2. Run `package.sh`. It will prompt for user and password that must be authorized for package `ibmcloudsql` on pypi.org.

## Example usage
```
import ibmcloudsql
my_ibmcloud_apikey = '<your api key here>'
my_instance_crn='<your ibm cloud Data Engine instance CRN here>'
my_target_cos_url='<Cloud Object Storage URL for the SQL result target. Format: cos://<endpoint>/<bucket>/[<prefix>]>'
sqlClient = SQLQuery(my_ibmcloud_apikey, my_instance_crn)
sqlClient.run_sql('SELECT * FROM cos://us-geo/sql/orders.parquet STORED AS PARQUET LIMIT 5 INTO {} STORED AS CSV'.format(my_target_cos_url)).head()
```

## Demo notebook
You can use IBM Watson Studio with the following [demo notebook](https://dataplatform.cloud.ibm.com/analytics/notebooks/v2/440b3665-367f-4fc9-86d8-4fe7eae13b18/view?access_token=3c1471a6970890fe28cadf118215df44e82c2472a83c4051e3ff80fe505448ed) that shows some elaborate examples of using various aspects of ibmcloudsql.

## SQLQuery method list
 * `SQLQuery(api_key, instance_crn, target_cos_url=None, token=None, client_info='')` Constructor
 * `logon(force=False, token=None)` Needs to be called before any other method below. It exchanges the `api_key` set at initialization for a temporary oauth token. The invocation is a No-Op if previous logon is less than 5 minutes ago. You can force logon anyway with optional paramater `force=True`. When you have inititialized the client without an `api_key` but instead specified a custom `token` then you can specify a fresh `token to logon method to update the client with that.
 * `submit_sql(sql_text, pagesize=None)` Returns `jobId`as string. Optional pagesize parameter (in rows) for paginated result objects.
 * `wait_for_job(jobId)` Waits for job to end and returns job completion state (either `completed` or `failed`)
 * `get_result(jobId, pagenumber=None)` returns SQL result data frame for entire result or for specified page of results.
 * `list_results(jobId)` Returns a data frame with the list of result objects written
 * `delete_result(jobId)` Deletes all result set objects in cloud object storage for the given jobId
 * `rename_exact_result(jobId)` Renames single partitioned query result to exact single object name without folder hierarchy.

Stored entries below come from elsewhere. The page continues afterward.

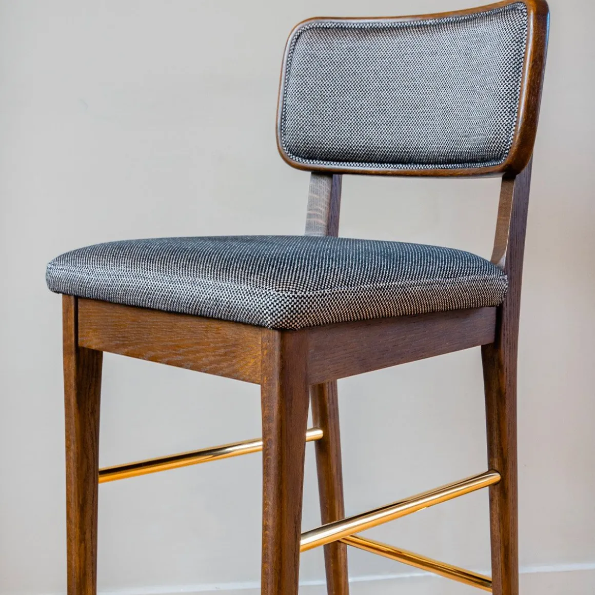Tabouret haut tapissier de Red Edition. Le tabouret haut s’inscrit dans notre collection d’assises en bois. Ce tabouret vous permet de vous asseoir tout en prenant de la hauteur. Disponible en deux versions : avec un dossier en cannage pour une touche de charme classique, ou avec un dossier tapissier pour un confort supplémentaire et une esthétique élégante.
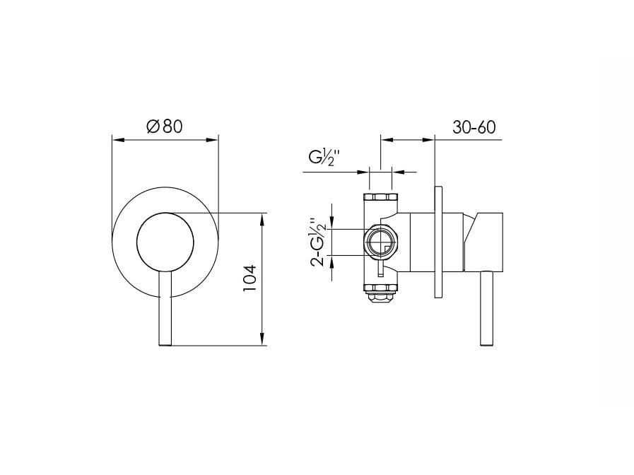 Miscelatore per doccia a parete con corpo nascosto, valvola unidirezionale con rossette più piccole. Disponibile in 5 diverse finiture (spazzolato, nero strutturato, bronzo rivestito in PVD, oro rivestito in PVD, acciaio scuro rivestito in PVD).
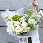 A refined bouquet of white tulips and roses, complemented by fresh green hydrangea and delicate seasonal textures. The soft white palette combined with vibrant green accents creates a clean, modern, and effortlessly elegant composition. Perfect for sophisticated gifting, celebrations, or minimalist interiors, this bouquet brings a sense of calm beauty and natural balance. Wrapped in premium designer paper and finished with a signature ribbon.
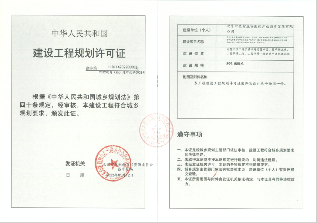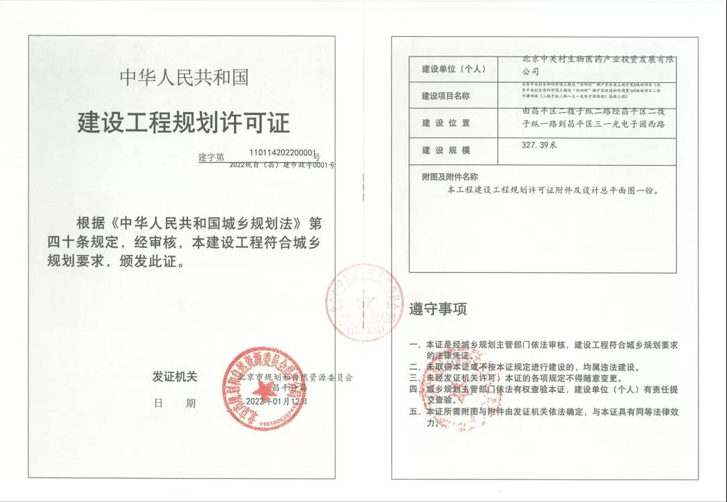 近日,未来科学城集团取得北京市规划与自然资源委员会昌平分局核发的北京中关村生命科学园三期及“北四村”棚户区改造和环境整治A地块项目,二拨子横四路、二拨子纵一路道路工程规划许可证。

 * `get_job(jobId)` Returns details for the given SQL job as a json object
 * `get_jobs()` Returns the list of recent 30 submitted SQL jobs with all details as a data frame
 * `run_sql(sql_text)` Compound method that calls `submit_sql`, `wait_for_job` and `wait_for_job` in sequenceA
 * `sql_ui_link()` Returns browser link for Data Engine web console for currently configured instance
 * `get_cos_summary(cos_url)` Returns summary for stored number of objects and volume for a given cos url as a json
 * `list_cos_objects(cos_url)` Returns a data frame with the list of objects found in the given cos url
 * `export_job_history(cos_url)` Exports new jobs as parquet file to the given `cos_url`.

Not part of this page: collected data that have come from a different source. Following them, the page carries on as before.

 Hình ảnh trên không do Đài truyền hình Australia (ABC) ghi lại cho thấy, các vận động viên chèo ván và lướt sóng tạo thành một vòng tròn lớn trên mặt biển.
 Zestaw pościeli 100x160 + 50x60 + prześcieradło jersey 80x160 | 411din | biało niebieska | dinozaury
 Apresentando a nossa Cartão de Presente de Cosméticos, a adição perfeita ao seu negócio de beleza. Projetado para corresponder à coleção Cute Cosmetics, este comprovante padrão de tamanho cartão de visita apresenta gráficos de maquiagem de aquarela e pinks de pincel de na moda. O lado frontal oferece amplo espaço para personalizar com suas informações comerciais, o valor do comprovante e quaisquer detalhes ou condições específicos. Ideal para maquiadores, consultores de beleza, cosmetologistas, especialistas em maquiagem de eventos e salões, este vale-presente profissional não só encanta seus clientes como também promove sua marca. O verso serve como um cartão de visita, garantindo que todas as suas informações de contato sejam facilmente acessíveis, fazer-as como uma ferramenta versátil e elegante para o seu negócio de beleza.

 * `export_tags_for_cos_objects(cos_url, export_target_cos_file)` Exports all objects as a parquet file to the given `cos_url` that have tags configured along with the value for each tag.

## Exceptions
 * `RateLimitedException(message)` raised when jobs can't be submitted due to 429 / Plan limit for concurrent queries has been reached
## Constructor options
 * `api_key`: IAM API key. When this parameter is set to `None` then you must specify an own valid IAM otauth token in the parameter `token`.
 * `instance_crn`: Data Engine instance CRN identifier
 * `target_cos_url`: Optional default target URL. Don't use when you want to provide target URL in SQL statement text.

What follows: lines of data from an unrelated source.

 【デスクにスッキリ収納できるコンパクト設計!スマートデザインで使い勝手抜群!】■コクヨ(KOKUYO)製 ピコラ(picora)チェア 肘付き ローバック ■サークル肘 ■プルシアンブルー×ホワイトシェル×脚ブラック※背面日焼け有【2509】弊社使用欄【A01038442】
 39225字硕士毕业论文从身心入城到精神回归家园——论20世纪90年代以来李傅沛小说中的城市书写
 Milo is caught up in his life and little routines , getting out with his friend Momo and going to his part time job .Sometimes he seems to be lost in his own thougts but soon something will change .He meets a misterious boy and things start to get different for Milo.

 * `token`: Optional custom IAM oauth token. When you specify this then you must set `api_key` parameter to `None`.
 * `client_info`: Optional string to identify your client application in IBM Cloud for PD reasons.
 * `max_tries`: Optional integer to specify maximum attempts when dealing with request rate limit. Default value is `1`, which means it will through exception `RateLimitedException` when response status code is `429`. It will enable _exponential backoff_ when specifying any positive number greater than `1`. For instance, given `max_tries=5`, assuming it will get response status code `429` for 4 times until the 5th attempt will get response status code `201`, the wait time will be `2s`, `4s`, `8s` and `16s` for each attempts.